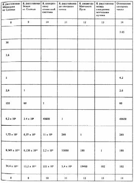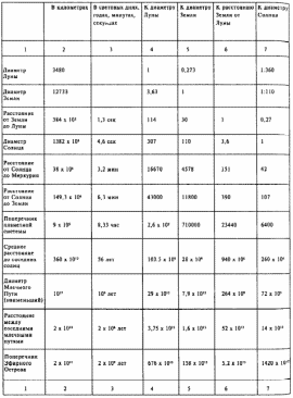 2. Линейные протяжения их в километрах. Последнее внизу число выражает величину поперечника всей известной вселенной, состоящей примерно из миллиона млечных путей, или спиральных туманностей. Каждая из туманностей содержит примерно 100 миллиардов солнц. Каждое солнце окружено примерно десятком больших планет. Таким образом, известная вселенная, или Эфирный Остров, содержит не менее триллиона (1018) больших планет. Не менее десятой доли их (1017) пригодно к жизни. Их столько, что каждому жителю Земли можно бы подарить 50 миллионов больших планет, пригодных к жизни, и столько же солнц.
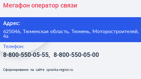Мегафон, оператор связи по адресу 625046, Тюменская область, Тюмень, Моторостроителей, 4а в дальнейшем Организация, размещена в следующих категориях:
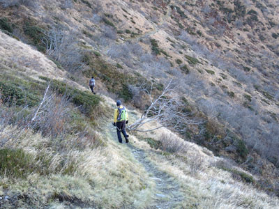 Percorrendo il traverso lungo il versante settentrionale del Monte Garzirola. In condizioni normali il sentiero non presenta alcun problema, anche quando percorre tratti ben più ripidi di quello visibile nella foto (in questi casi basta solo un po' di attenzione). |
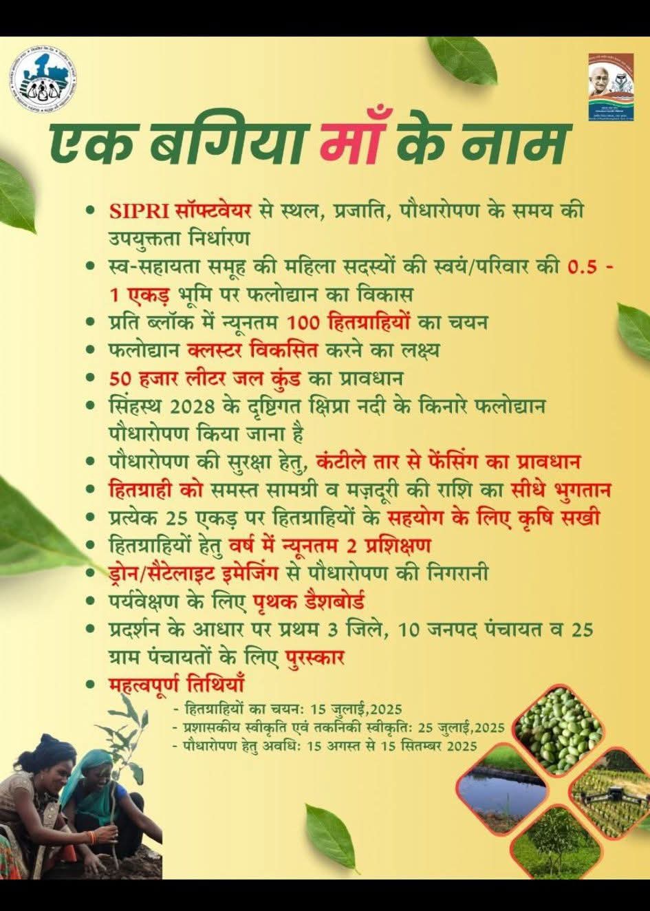 डिंडौरी न्यूज़। एक पेड़ मां के नाम अभियान 2.0 को पूरे देश में राष्ट्रव्यापी आंदोलन के रूप में चलाया जा रहा है।उसी क्रम में महात्मा गांधी नरेगा से स्व सहायता समूह में सक्रिय भागीदारी निभाने वाली महिला सदस्यों को फल उद्यान उपयोजना से लाभान्वित करने के विस्तृत दिशा निर्देश पंचायत एवम ग्रामीण विकास विभाग द्वारा जारी किए गए हैं।एक बगिया मां के नाम उपयोजना के तहत एसएचजी की इच्छुक महिला जिसके पास आधा एकड़ से एक एकड़ जमीन है वो योजना का लाभ ले सकेंगी।
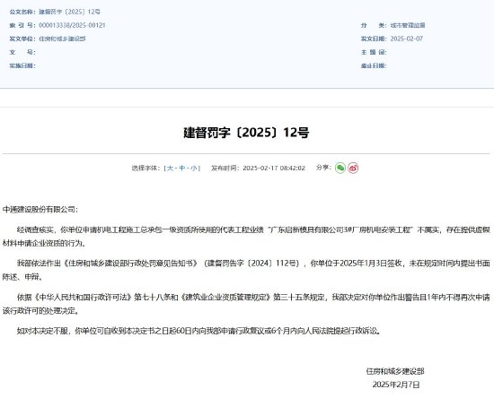 《5D调查》搜索发现,2月7日,该公司曾因申请机电工程施工总承包一级资质所使用的代表工程业绩“广东启新模具有限公司3#厂房机电安装工程”不属实,存在提供虚假材料申请企业资质的行为被住建部通报警告,并1年内不得再次申请该行政许可。
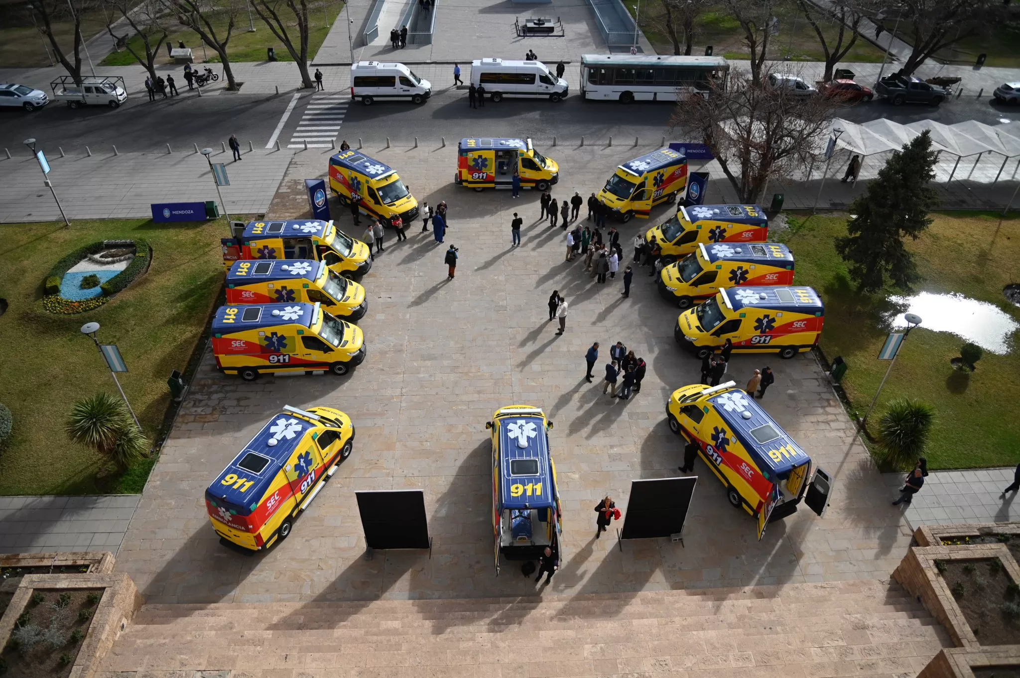 El gobernador Alfredo Cornejo presentó este martes 12 nuevas ambulancias de alta complejidad totalmente equipadas y anunció la reestructuración del Servicio Coordinado de Emergencias (SEC), en el marco del Plan de Salud 2024-2030.

● Activity
The answer must be a word-for-word copy of all the entries, containing no pictures.

● Output
 2. Линейные протяжения их в километрах. Последнее внизу число выражает величину поперечника всей известной вселенной, состоящей примерно из миллиона млечных путей, или спиральных туманностей. Каждая из туманностей содержит примерно 100 миллиардов солнц. Каждое солнце окружено примерно десятком больших планет. Таким образом, известная вселенная, или Эфирный Остров, содержит не менее триллиона (1018) больших планет. Не менее десятой доли их (1017) пригодно к жизни. Их столько, что каждому жителю Земли можно бы подарить 50 миллионов больших планет, пригодных к жизни, и столько же солнц.
Мегафон, оператор связи по адресу 625046, Тюменская область, Тюмень, Моторостроителей, 4а в дальнейшем Организация, размещена в следующих категориях:
 Percorrendo il traverso lungo il versante settentrionale del Monte Garzirola. In condizioni normali il sentiero non presenta alcun problema, anche quando percorre tratti ben più ripidi di quello visibile nella foto (in questi casi basta solo un po' di attenzione). |
 डिंडौरी न्यूज़। एक पेड़ मां के नाम अभियान 2.0 को पूरे देश में राष्ट्रव्यापी आंदोलन के रूप में चलाया जा रहा है।उसी क्रम में महात्मा गांधी नरेगा से स्व सहायता समूह में सक्रिय भागीदारी निभाने वाली महिला सदस्यों को फल उद्यान उपयोजना से लाभान्वित करने के विस्तृत दिशा निर्देश पंचायत एवम ग्रामीण विकास विभाग द्वारा जारी किए गए हैं।एक बगिया मां के नाम उपयोजना के तहत एसएचजी की इच्छुक महिला जिसके पास आधा एकड़ से एक एकड़ जमीन है वो योजना का लाभ ले सकेंगी।
 《5D调查》搜索发现,2月7日,该公司曾因申请机电工程施工总承包一级资质所使用的代表工程业绩“广东启新模具有限公司3#厂房机电安装工程”不属实,存在提供虚假材料申请企业资质的行为被住建部通报警告,并1年内不得再次申请该行政许可。
 El gobernador Alfredo Cornejo presentó este martes 12 nuevas ambulancias de alta complejidad totalmente equipadas y anunció la reestructuración del Servicio Coordinado de Emergencias (SEC), en el marco del Plan de Salud 2024-2030.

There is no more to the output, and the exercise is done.